This confounding detail is far from the only bit of dissonance we receive in Dreadful’s eight-episode run. Actually, the conceit itself – mixing icons of Gothic Horror – makes for a piquant mélange of clashing tastes. The Wolf Man smacks of rot, Dorian Gray of lavender and Frankenstein of formaldehyde; blending them only makes those flavors jump more. The emulsion becomes the reduction. I understand the temptation, but chocolate and peanut butter this ain’t.
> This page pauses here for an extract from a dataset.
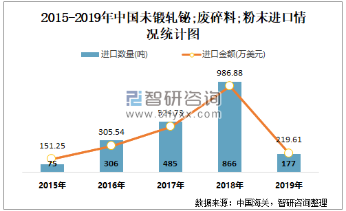 根据中国海关数据显示:2019年1-12月中国未锻轧铋;废碎料;粉末进口数量为177.13吨,进口金额为219.61万美元;2019年1-12月未锻轧铋;废碎料;粉末出口数量为1630.15吨,出口金额为1168.64万美元。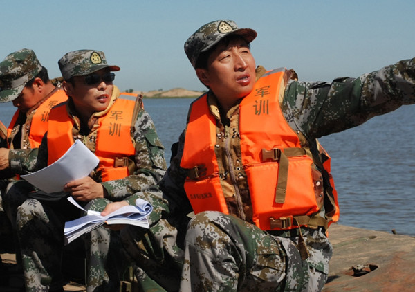 这是关喜志(右)率部队在吉林省长白山脚下驻训的资料照片(2009年11月24日摄)。 新华社发

On paper the TV Mashup makes sense; more so for the horror canon than for say, a Flintstones–Jetsons–Simpsons–Family Guy–Silver Spoons–Different Strokes–King of Queens–Everybody Loves Raymond orgy that network TV might be eager to push around Sweeps Week. But it’s not a matter of more or less disparity in the source material of a given genre or format. The shows above are paired for what they have in common, be it geography, format or group dynamic. This would work, except they are doing such similar things they may as well exist on their own terms. We know for instance, in the Family Guy/Simpsons smoosh we’ll get Homer and Peter Griffin comparing skin-tones and local beers.1 Because they exist in universes that may as well be facsimiles, together they add nothing to a larger continuity. Weird Tales are different.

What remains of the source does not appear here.